For more than three decades, Yoshida led the firm, expanding until it had seven subsidiaries and more than 100 employees. He and his wife raised three children, and Yoshida used his English skills to make contacts with trucking firms in the United States, studying various business practices and philosophies, including labor-management relations and the owner-operator system.

He also became a local PR chief for the volunteer organization The Lion’s Club, editing newsletters for its activities all over Hiroshima Prefecture and attending as many as 120 conferences and assemblies each year. “My motivation for joining Lion’s Club came from my simple belief that a businessperson must show his appreciation to the various people and communities that surround him.”

Meanwhile, his wife’s family continued to put increasing pressure on him to give up his surname and adopt his late father-in-law’s, an issue the family ultimately would fail to overcome.

At the age of 62, Yoshida entered his “third life,” stepping down from his position at the trucking firm to become a business consultant, traveling throughout Japan to give advice to various companies. His first act as a consultant was to contribute a 50,000-word article to a Japanese publication to advocate the owner-operator system as part of the deregulation of the trucking industry.

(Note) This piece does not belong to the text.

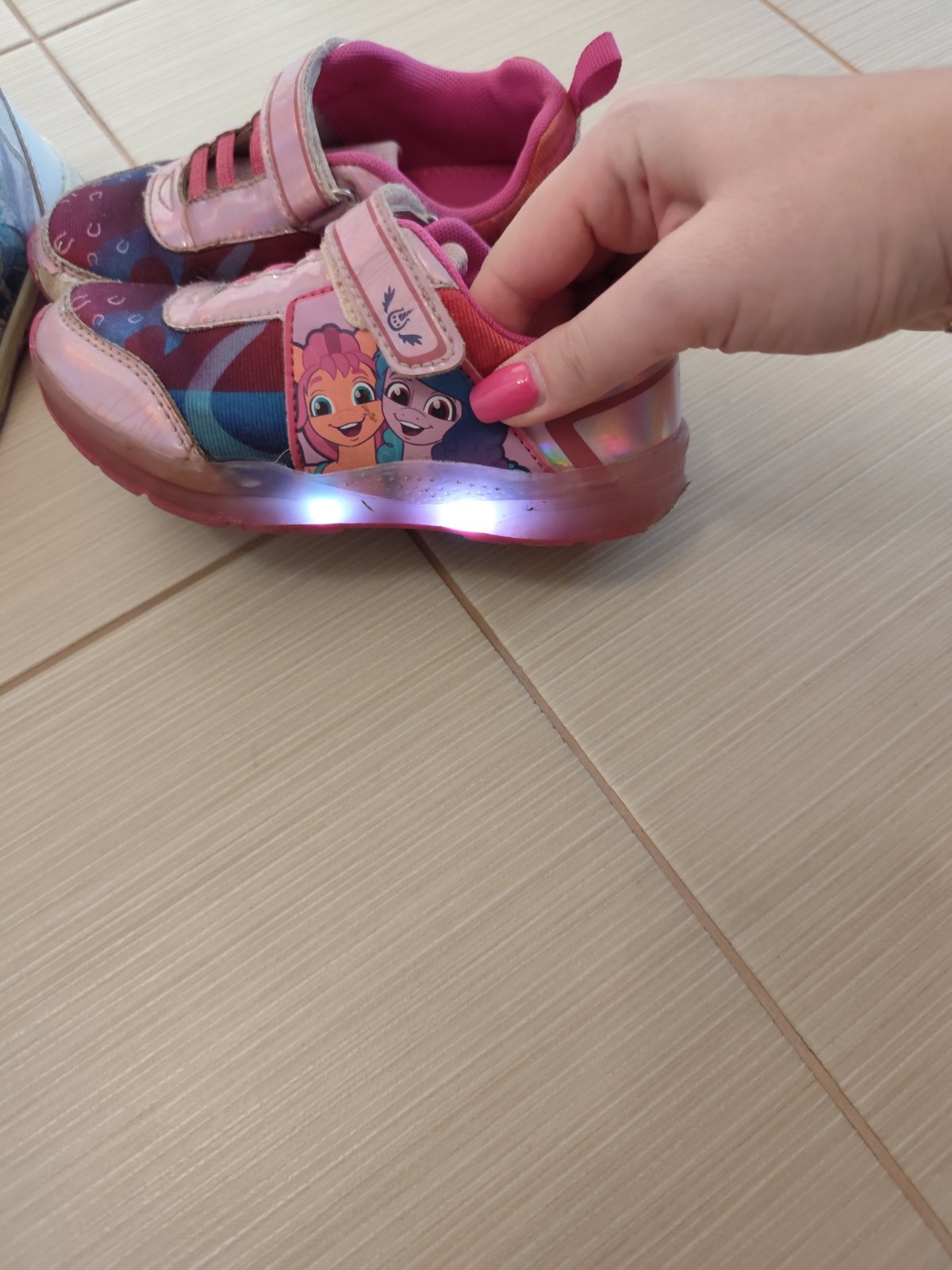 Tenisky majú už čo to odchodené no špičky si to odniesli najviac no na dvor poslúžia, lepačky držia na ochoch,Pony svietia obe

“My next challenge was another trip to the United States to research the owner-operator system, where it is widely used,” he recalls. “I secretly promised myself that I would try to be strong enough to walk without a cane in the States, although I would be there for a whole month. I began to practice walking in my neighborhood each morning, and for the first time in my life, walked 5 km without a cane.”

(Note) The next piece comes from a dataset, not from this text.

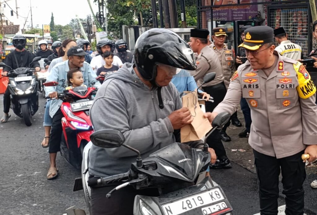 MALANG POST – Semangat berbagi di bulan Ramadan terus digelorakan jajaran kepolisian di Kota Batu. Dipimpin langsung Kapolres Batu, AKBP Aris Purwanto, sedikitnya 200 paket takjil gratis dibagikan kepada masyarakat dan pengguna jalan, Jumat (27/2/2026).

Yoshida had visited the U.S. once before in 1988, but now planned to stay a full month and go coast to coast. After successfully meeting that physical challenge and returning to Japan, Yoshida set up his logistics and management consulting firm. He was later invited to speak in Las Vegas at a management conference.

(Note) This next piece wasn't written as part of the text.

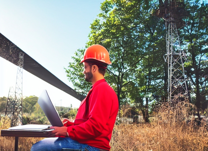 Electrical engineer with red hard hat using laptop outdoors in front of a high voltage power lines

In June 2006, Yoshida attended a business lecture in Hiroshima that would lead to his current, “fourth stage” in life — retirement in the Philippines.

Yoshida said he had long “dreamed of retirement living abroad” and originally planned to retire in Malaysia. But the lecture given by a Philippine speaker and the impression it made on him changed his plans.

There was also a second reason — the massive loss of life, including civilians, that ensued from the Japanese invasion there in World War II — with the remains of large numbers of Filipino, Japanese and American soldiers “still left in the soil even now.”

After moving to the Philippines in February 2009, his new purpose in life emerged — to advocate nuclear disarmament and open communication around the world. He wrote an open letter to U.S. President Barack Obama last year, and operates a bilingual website detailing his life experiences and efforts toward disarmament.

As a lifelong learner, he also researches his new homeland. Yoshida plans to start a nonprofit organization to help his adopted country, and looks forward to new developments in life.

Never too old to dream, Yoshida says, “I hope to travel around the United States, making speeches in English as a citizen ambassador, trying to convey to the American people my thanks and my perspective as an atomic bomb survivor.”